As initiatives for more diversity in the cultural field are gaining ground and migration becomes an increasingly important issue on the political agendas of many countries around the world, this project examines the ways in which transnational collaborations create spaces for literary participation of migrants. Situated at the intersection of international relations, comparative literature and business economics, COLLAB analyzes collaboration from a threefold perspective: 1) as a political strategy in civil society that enhances intercultural exchange and the social integration of migrants through collective storytelling, 2) as a form of co-authorship between migrants and other writers with different cultural backgrounds that gives voice to stories of migration that would often be lost without their translation, 3) as an alternative economic model consisting in peer-to-peer support that brings new voices to the publishing industry. Focusing on a broad range of non-profit organizations, collaborative texts by amateur and professional writers and crowdfunding initiatives that help make migrant voices heard through literature, the project seeks to understand how collaboration changes the cultural field and impinges on migrants’ agency. It shows how actors and institutions that are traditionally perceived as belonging outside the cultural field are crucial players in redefining notions of authorship rooted in individual and national singularity. Challenging strict distinctions between textual and contextual dynamics, COLLAB highlights the social embeddedness of literature and builds an original framework for understanding the thematic and formal implications of transnational collaboration in literary texts. While borrowing theories and methods from other disciplines, COLLAB confidently reorients the social sciences towards the project’s center of gravity, the literary text, and shows that literature is an important tool to understand broader societal transformations.
Lines of research
COLLAB follows four intersecting lines of research:
- Transnational collaboration in civil society: This research strand focuses on small-scale writing projects in European cities that foreground migration and multilingualism, and whose mission consists in shaping debates around migration and belonging, promoting intercultural dialogue between writers through literary collaborations such as creative writing workshops. This part of the project combines literary and political theory with social and cultural anthropology and is grounded in qualitative methods, field research and textual analyses.
- Authorship and poetics: This line of inquiry explores how co-authorship between migrants and other authors with different linguistic and cultural backgrounds redefine how literature is made and who counts as an author. By shedding light on the mechanisms by which collaborative transnational texts are produced and stories of migrants are mediated, COLLAB investigates to what extent linguistic and cultural power asymmetries have an impact on literary form and content. The project traces recurrent narrative, thematic and stylistic patterns across a wide range of texts and outlines a poetics of transnational collaboration from a comparative perspective.
- Circulation, publications systems and the sharing economy: This line of investigation examines the publication and circulation systems of transnational collaboration, with a focus on the sharing economy.
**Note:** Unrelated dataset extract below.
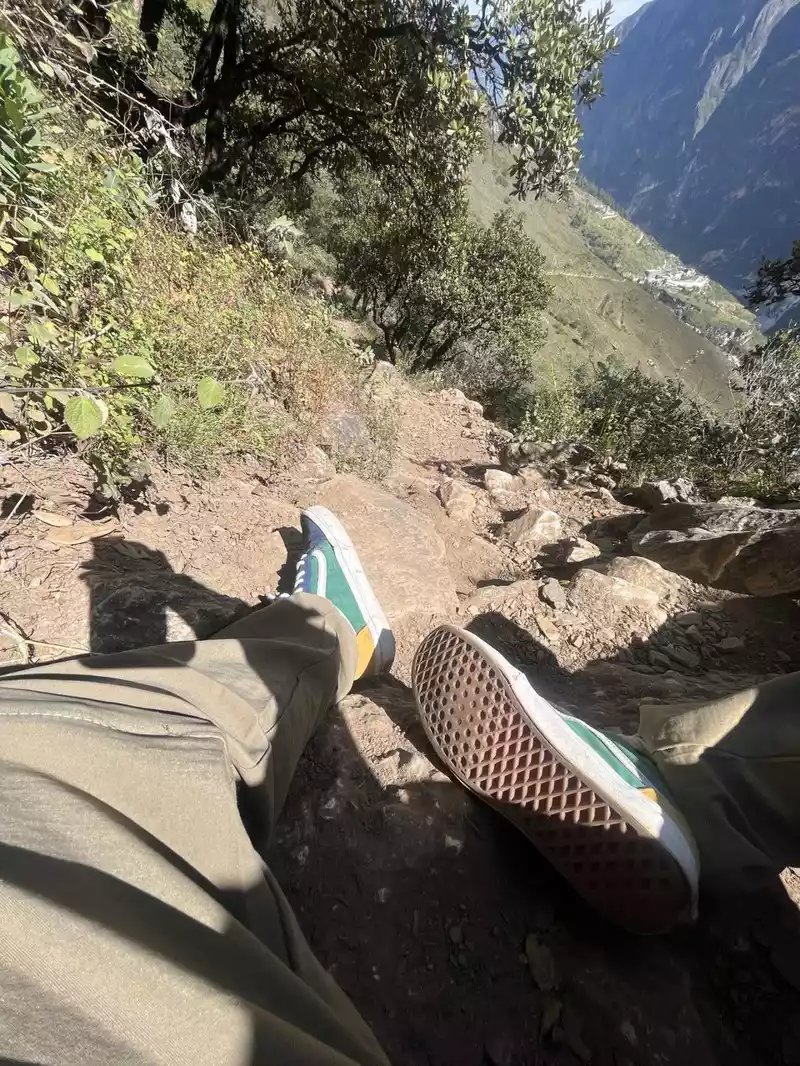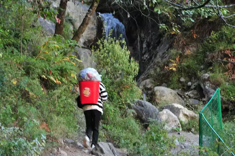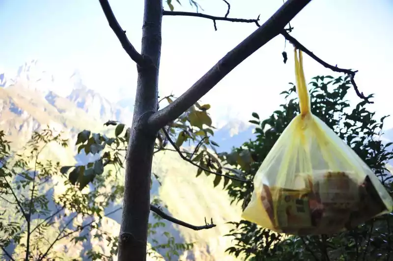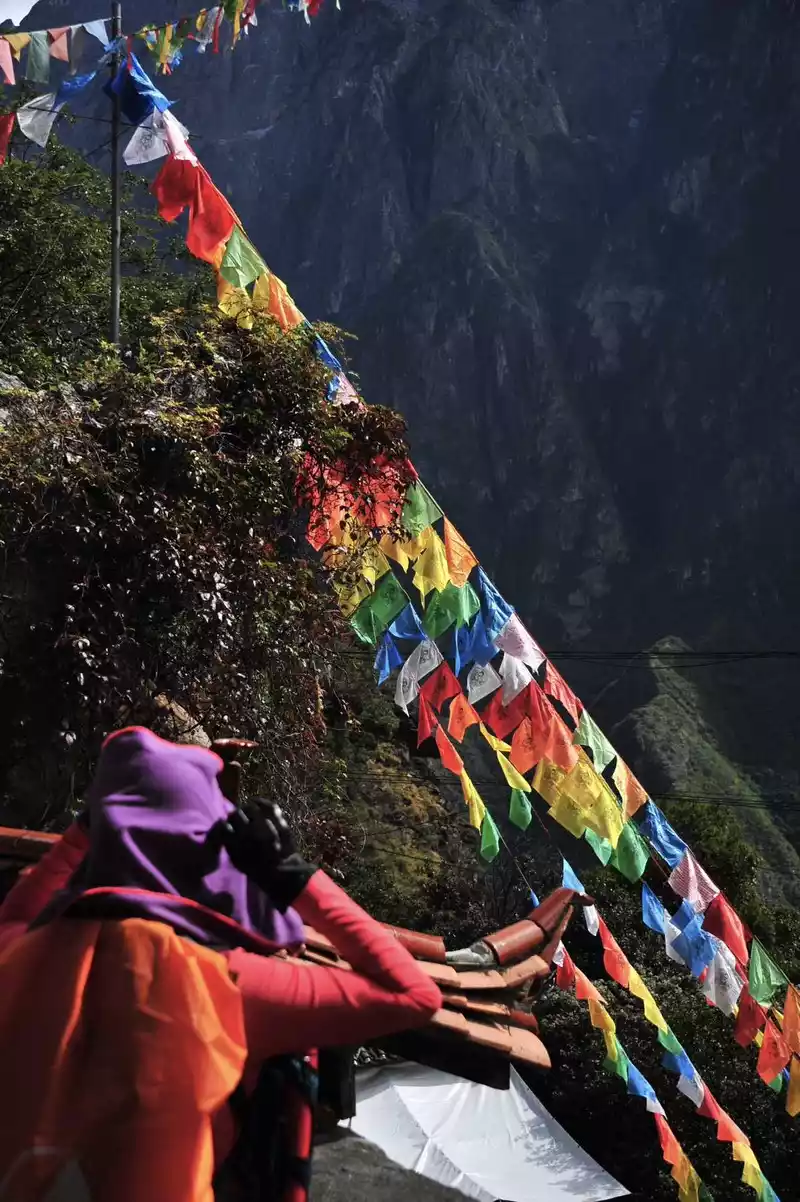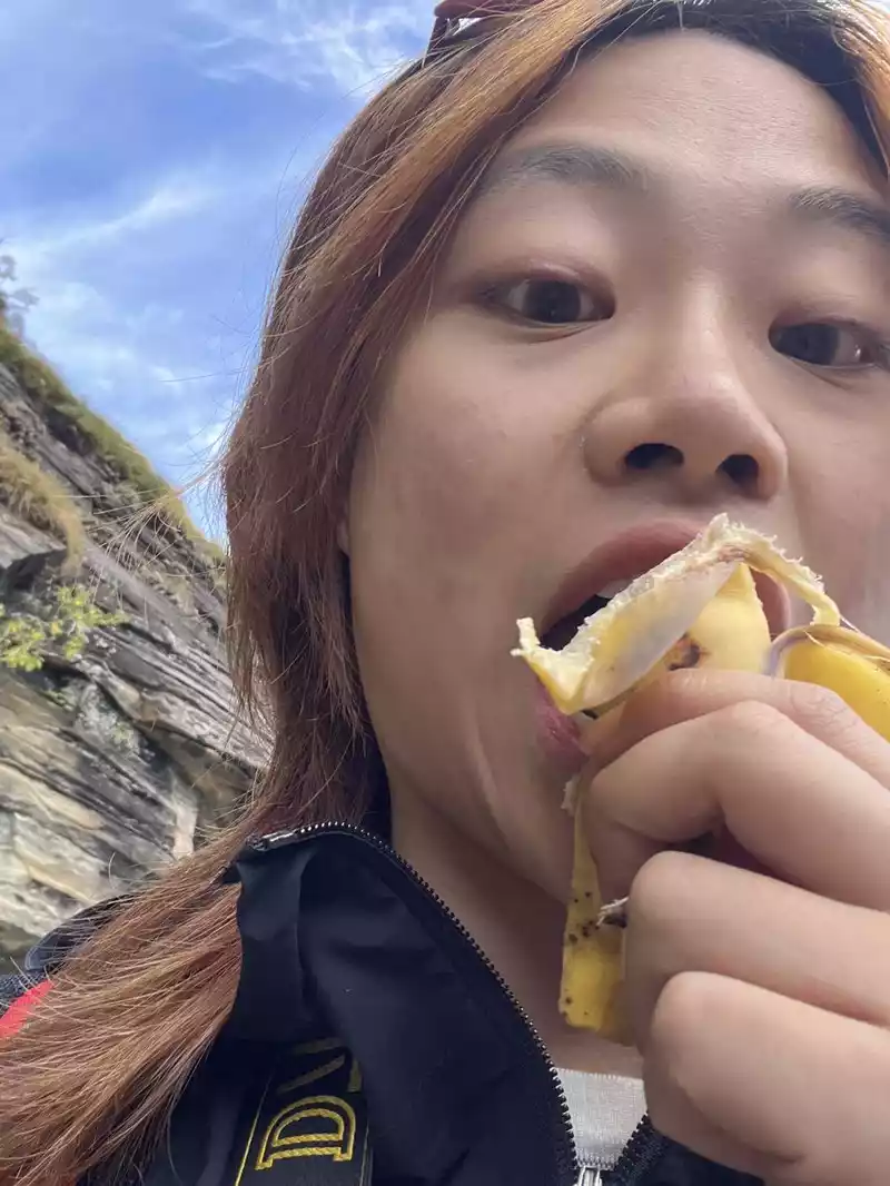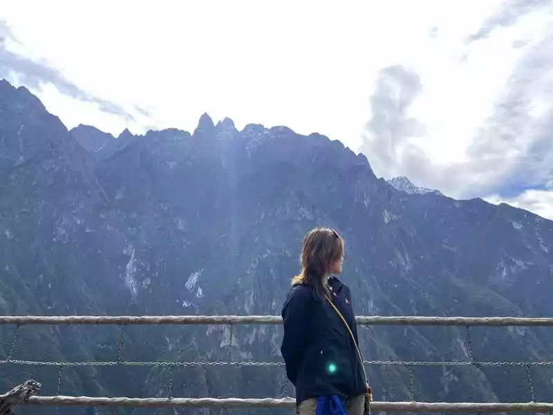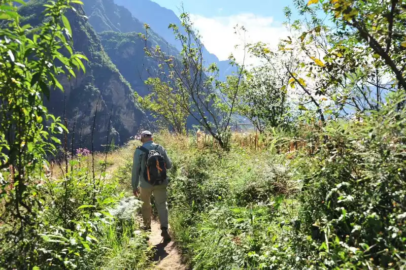 The Tiger Leaping Gorge hiking trails are well-established, with prominent red signs at easy-to-get-out-of-track intersections. The early morning dirt roads, mingling with the scent of animal manure and ripe corn, offer a breath of nature I've never experienced in the city. The first group of people I met on the trail were two dark-skinned young men. At first, I silently competed with them, not wanting to fall behind. At a certain intersection, a man asked me if I was afraid of a woman hiking. My anger flared up again, and I asked what was there to be afraid of, lumping them in with the "men." Then, at another corner, I saw them taking photos. I assumed it was a Jinsha River camera spot only experts could spot, so I approached them for a conversation. I realized they were just waiting for a friend who was calling. They were retired soldiers from Yunnan, and they hiked on their weekends. They asked if I wanted some fresh bananas. I was about to refuse, feeling sorry for my previous stereotypes. But when they offered me the bananas, the fruity fragrance wafted through my lips, and I couldn't resist. This was the first group of kind people I met on the trail.

Methodologically, this research uses digital humanities tools, notions of business economics and critical theory to map the connections between crowdfunding and migration and assess the impact of collaboration on the human rights market.
- Collaboration as a research method: COLLAB promotes collaboration as a tool for interdisciplinary research. The team members’ different theoretical and methodological backgrounds are a challenge and a blessing on which we will reflect in our upcoming blog. The project also highlights the importance of bottom-up approaches for knowledge production and scientific innovation, while redefining literary studies as an expanded field of research that confronts relevant societal questions in conversation with other disciplines with no obvious affinities.